Ingrid followed as Rosalind leaped down onto the train tracks. A rat chattered in the dark and Rosalind smiled as her friend cursed.

“Bloody rats,” Ingrid said in disgust. But she kept close to Rosalind’s side, just in case.

“They won’t bother you,” Rosalind replied, disappearing into the dark silence of the tunnel.

They walked for several hundred feet, unerringly following the abandoned steel tracks. Ingrid could see in the dark, but Rosalind was forced to rely on memory, silently counting the steps. Her groping fingers found an ironbound door in the side of the tunnel just as a gust of wind blew through the emptiness, stirring her hair. It sounded like a faraway scream, no doubt one of the trains that ran in nearby underground systems.

Some of the locals who ventured down here thought the sounds were the cries of ghosts; those long-dead miners and engineers trapped down here when the Eastern line collapsed. Or those who had died three summers ago, slaughtered by the vampire that had haunted the depths until it was killed.

Rosalind was scared of neither. A vampire was just a blue blood gone wrong and she knew how to kill those. As for ghosts…well, she had plenty of her own.

Shimmying into the access tunnel, her hands and feet found the metal ladder and she scurried down it. Ingrid followed, shutting the iron door behind her with a clang.

A sickly green light burned below. Rosalind slid the last few feet to the bottom of an old ventilation shaft. An enormous fan stirred lazy circles in the wall, casting flickering shadows through the phosphorescent light. A man leaned against the pitted brickwork, his arms crossed over his chest and a scowl on his face. He saw her and relaxed, pushing off the wall toward her.

“Jack,” she said, letting out her own breath of relief. Her brother looked tired, what little she could see of his face. A heavy monocular eyepiece was strapped over one eye to help him see in the dark and a leather half mask obscured his lower face. The eerie green tint of the phosphor light-amplifying lens unnerved her. With it, he could see almost as well as Ingrid.

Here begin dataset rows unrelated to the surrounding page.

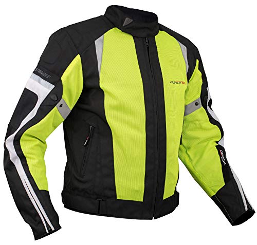 A-Pro Giacca Moto estiva Tessuto Rete Mesh Traspirante Protezioni CE Fluo 2X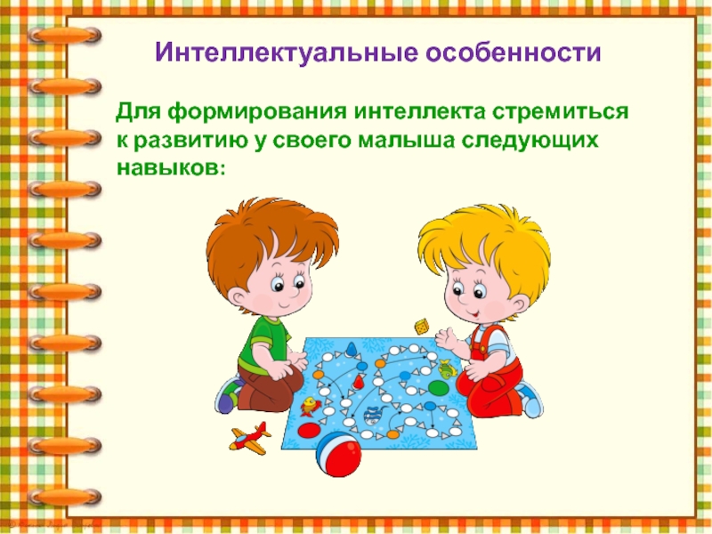 Для формирования интеллекта стремиться к развитию у своего малыша следующих
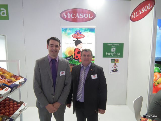 Stephane Van Marrewijk, Responsable del departamento Comercial de Vicasol, y Juan Antonio González, presidente de Vicasol, empresa almeriense que estuvo promocionando su campaña hortícola.
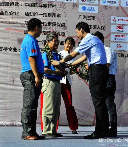 發(fā)車儀式現(xiàn)場(chǎng),陜西省新聞出版廣電局黨組書(shū)記、局長(zhǎng)劉斌代表主辦單位致辭。中共西安市委常委、宣傳部部長(zhǎng)吳鍵,西安市人民政府副秘書(shū)長(zhǎng)周愛(ài)全為著名文化學(xué)者肖云儒、張騫后人張利君兩位嘉賓代表折柳送行。陜西廣播電視臺(tái)臺(tái)長(zhǎng)、黨委書(shū)記王廣群為車隊(duì)揭幕,中央文史館書(shū)畫(huà)院院長(zhǎng)、中國(guó)畫(huà)駱駝第一人馬振聲現(xiàn)場(chǎng)畫(huà)一幅具有濃郁西域風(fēng)情的《沙漠駱駝圖》助力絲路啟程;顒(dòng)最后,陜西省委常委、宣傳部部長(zhǎng)景俊海發(fā)表了熱情洋溢的講話,并宣布“絲綢之路萬(wàn)里行”活動(dòng)正式發(fā)車。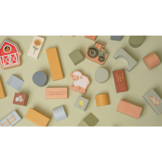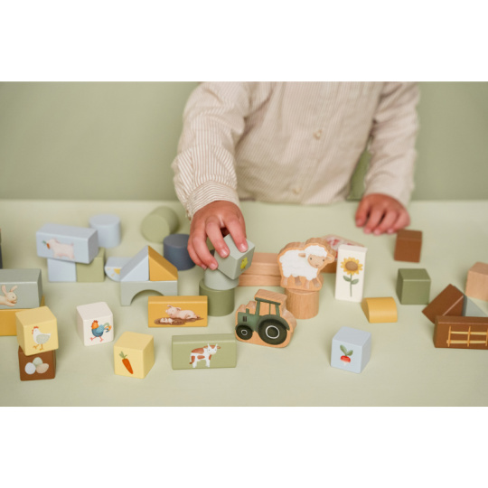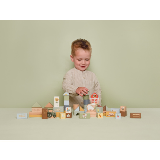 Dřevěné kostky jsou doslova nezbytností do každého dětského pokoje. Tuba obsahuje 50 dřevěných kostek různých barev a tvarů s krásným potiskem motivů ze života na farmě. Popusťte uzdu fantazii a vytvářejte spolu s vaším dítětem kreativní stavby. Když hra skončí, jednoduše kostky uložíte zpět do tuby! Hračka je součástí designové kolekce hraček a doplňků Little Dutch Farma. Vyrobeno z dřeva certifikovaného FSC. Rozměry balení: 20 x 16,5 x 16,5 cm Vhodné pro děti od 2 let.
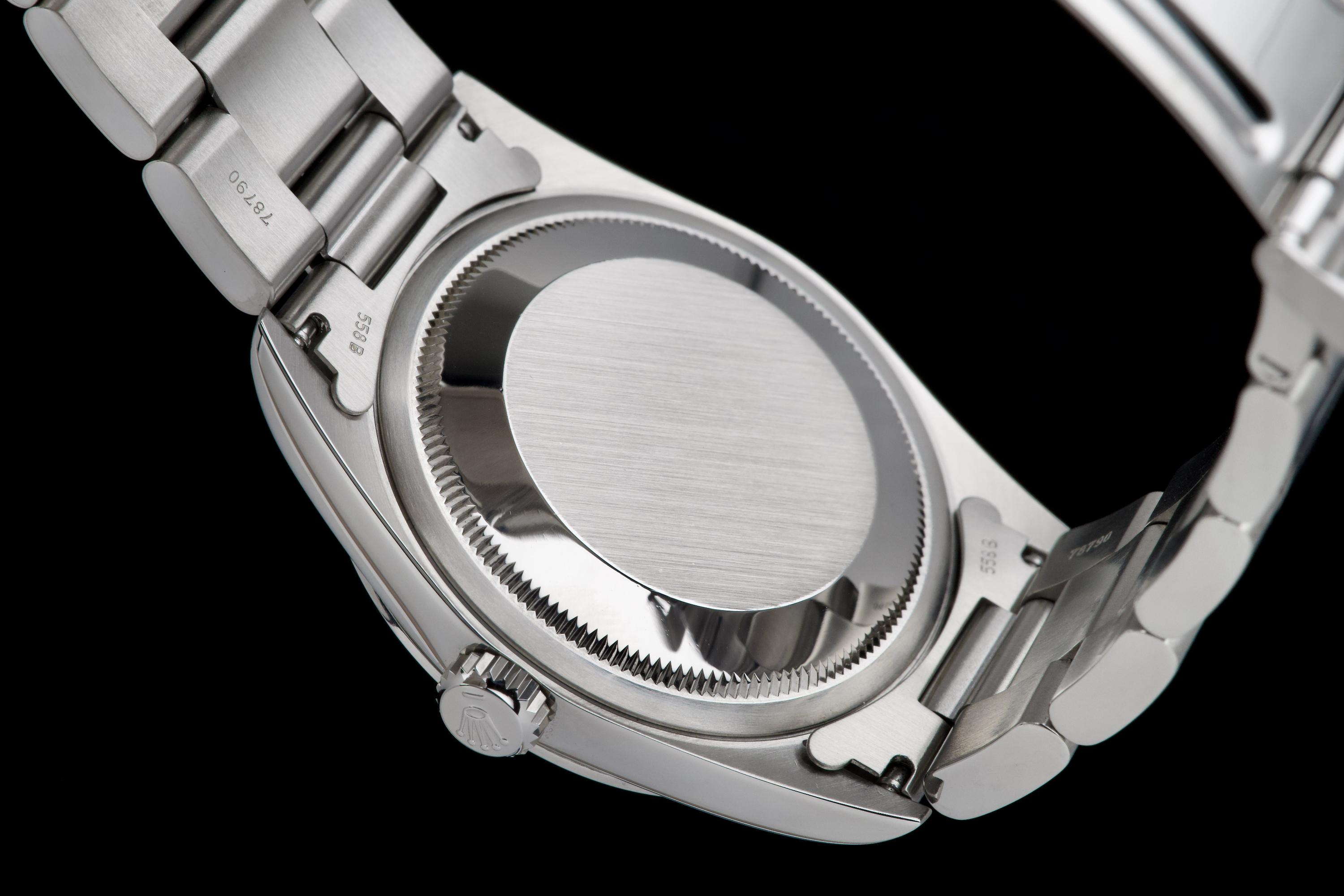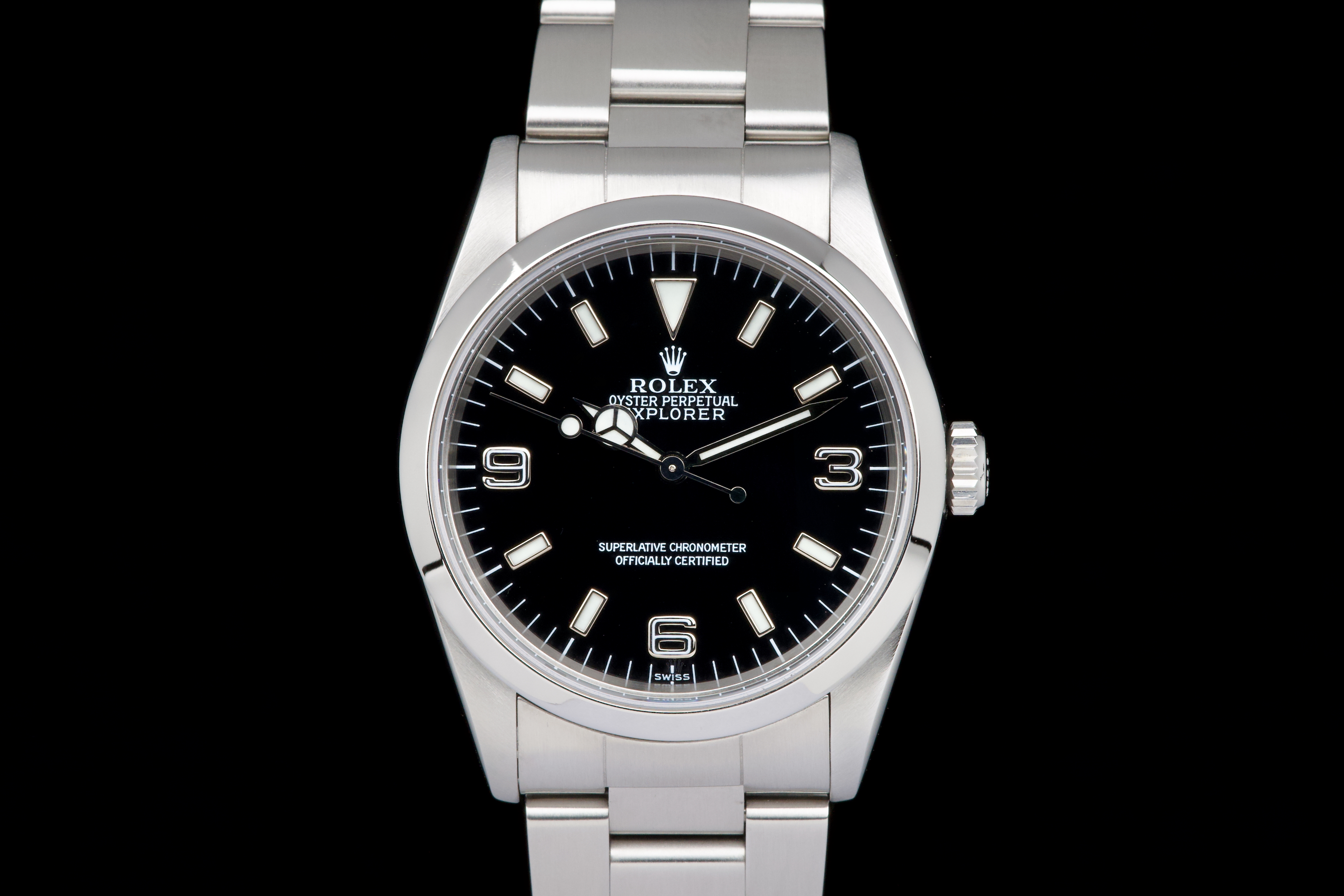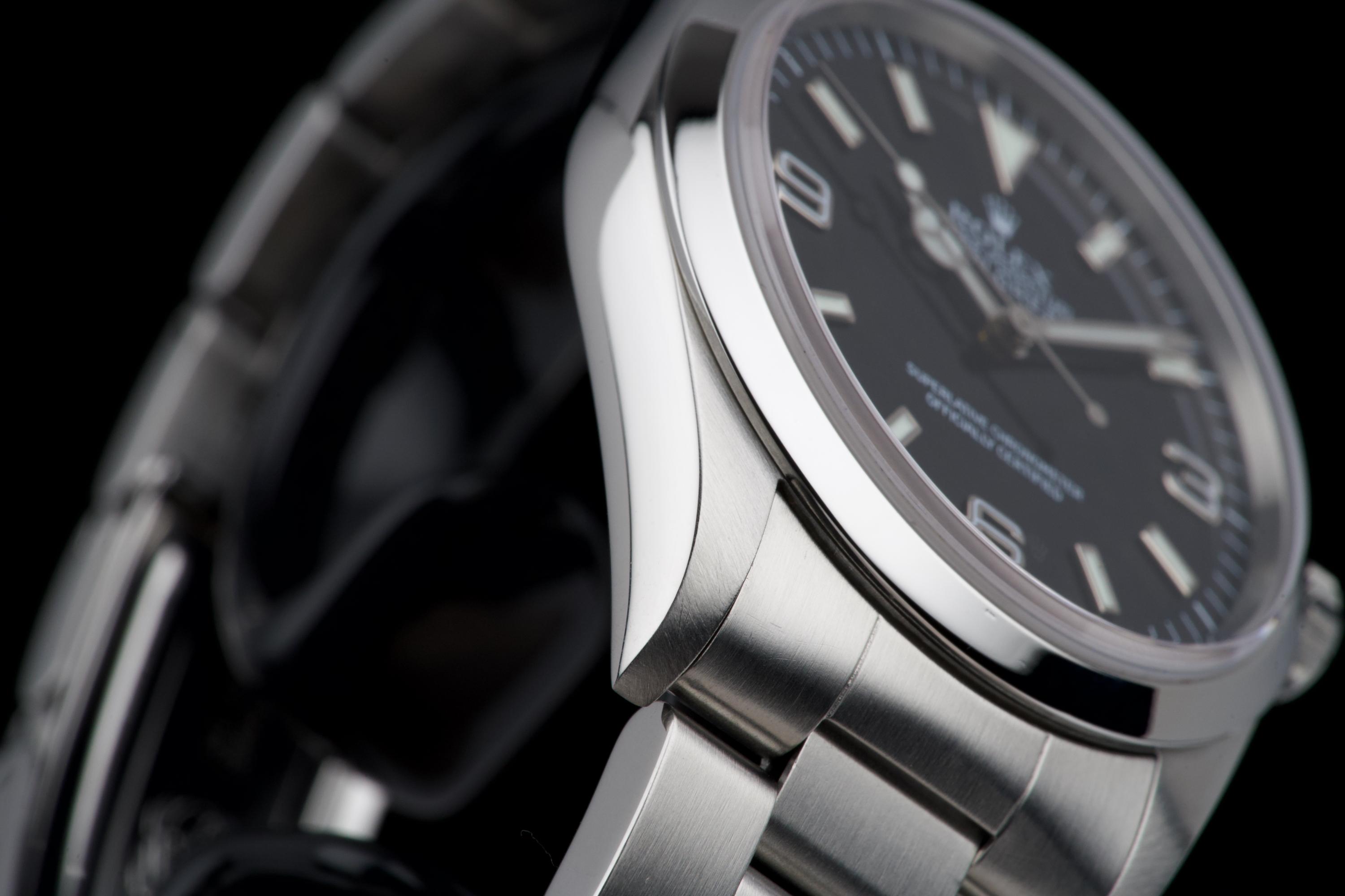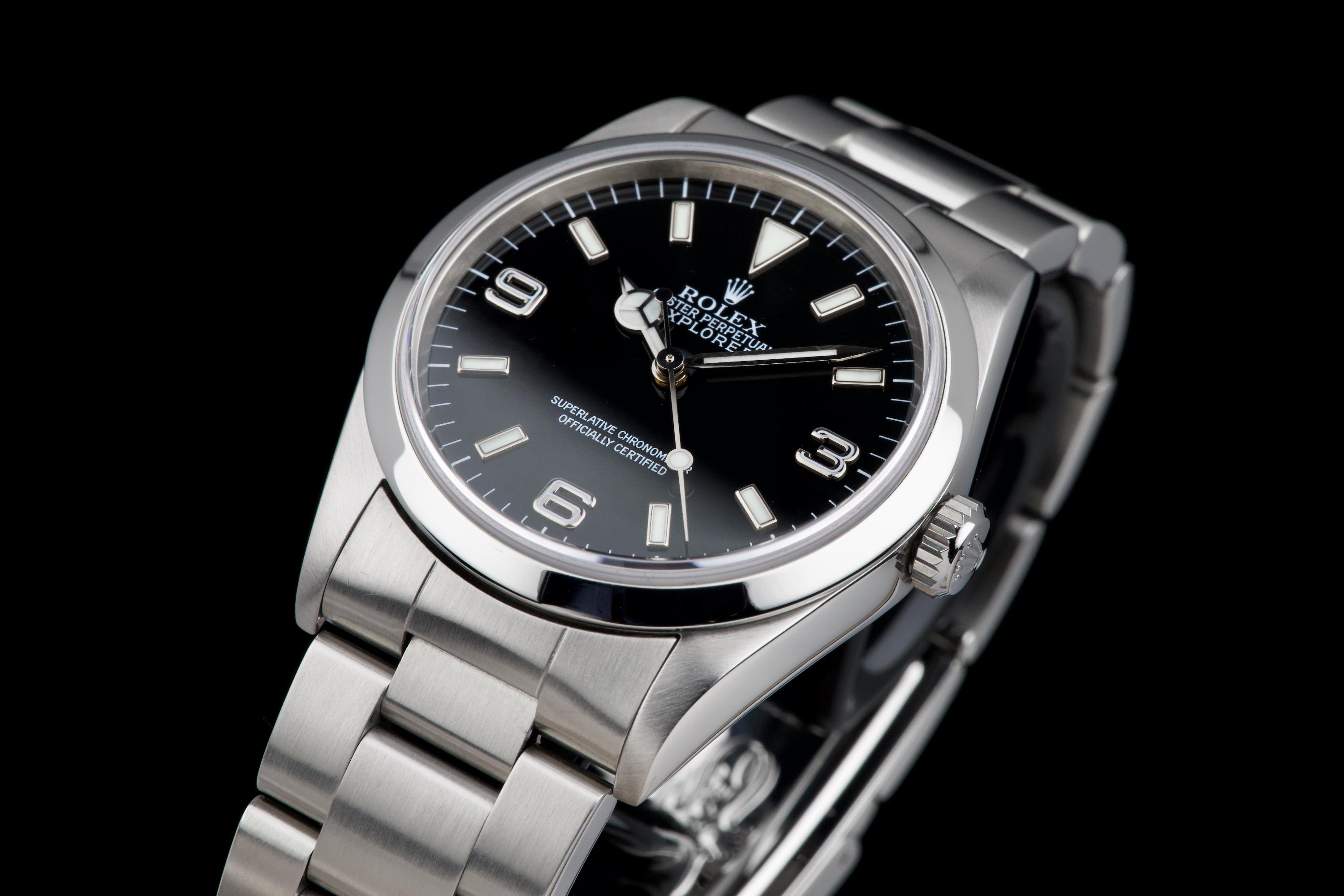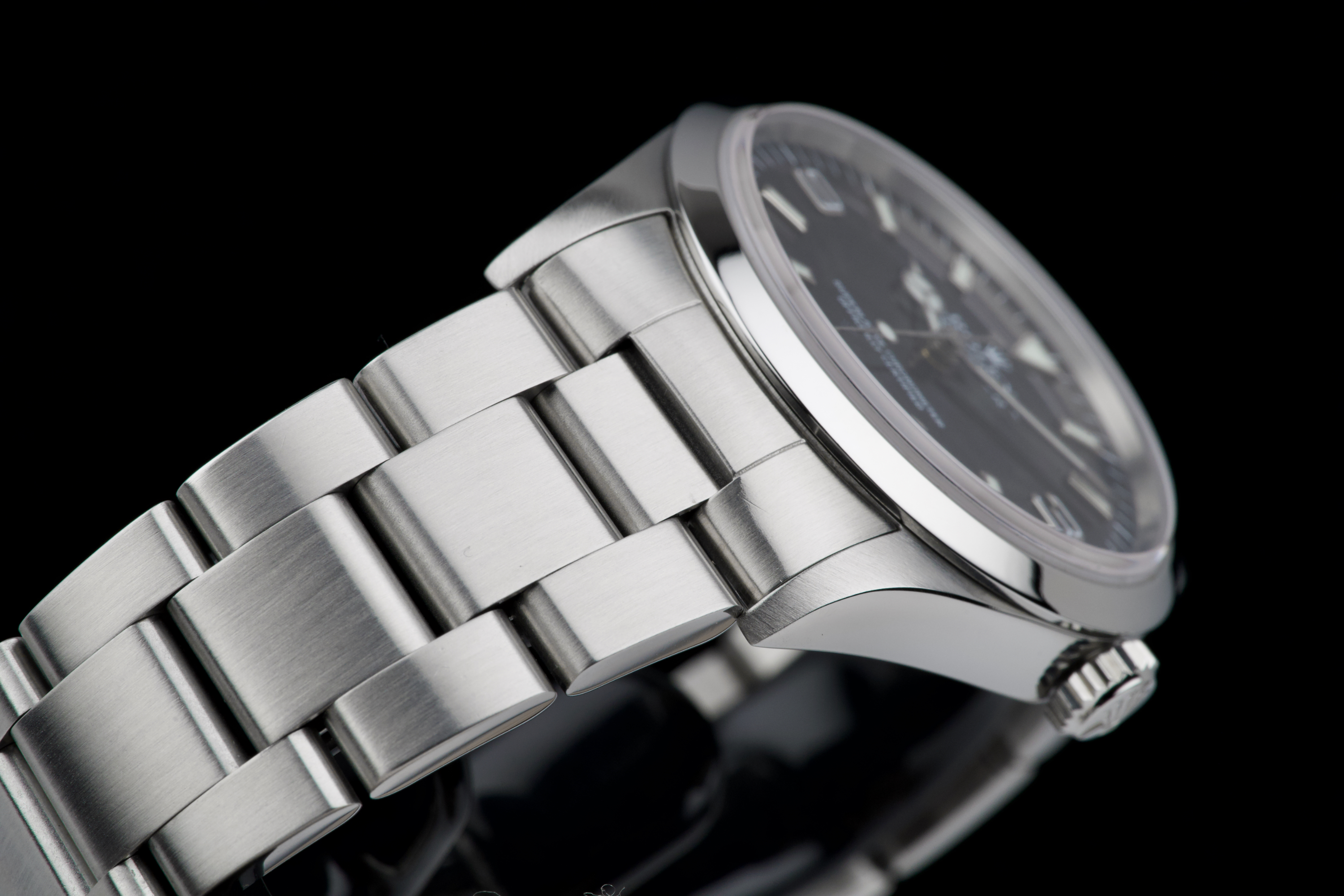 A beautiful example of the Rolex Explorer I reference 14270, featuring the rare transitional “Swiss Only” luminova dial, produced for a very short period in the late 1990s. Originally sold in 1999, this watch no longer retains its original box and papers but was officially sold by Bucherer as a Certified Pre-Owned (CPO) piece in 2021. It therefore comes with the Bucherer leather presentation box and Bucherer CPO international warranty card. The stainless steel case has been polished in the past and remains in perfect condition, with crisp lines and minimal wear. The black “Swiss Only” dial and matching luminova hands are flawless, displaying strong contrast and perfect printing. The original Oyster bracelet reference 78790 with 558B endlinks is in excellent condition, showing minimal stretch, claspcode X11. The automatic movement has been fully checked by our watchmaker and is running perfectly. A superb example of the transitional Explorer 14270 “Swiss Only,” combining perfect aesthetics, originality, and recent Bucherer CPO provenance — one of the most collectible configurations of the late 1990s Explorer I.

Rosalind lifted a hand to touch him, then paused when he flinched. Jack didn’t like to be touched anymore, even through the heavy layers of his coat and gloves. Rosalind’s fingers curled into a hard fist. That was one of the things she missed so much about Jeremy—the way he’d wrap an arm around her shoulders and drag her close, taunting her about the fact that he’d outgrown her. The way she’d kick his feet out from under him and take him to the ground with a laugh. “You might be taller,” she’d say, “but I’ll always be your older sister.”

Jack’s hard gray gaze ran over Ingrid. “No trouble?”

“Not for me,” Ingrid replied.

Rosalind found herself the recipient of that stare. She shot her friend a hard look. “Nothing I couldn’t handle.”

“Well, I’m curious,” Ingrid said, stalking past. “Just how did you get away from the Nighthawk?”

Gritting her teeth together, Rosalind ducked past her brother’s startled gaze and hurried after Ingrid. “I seduced him.”

“Rosalind!” Jack snapped, trailing in her wake. Three long strides and he was close enough to fall in beside her, the phosphorescent flare stick in his hand highlighting the harsh planes of his face. “Tell me you two are jesting.”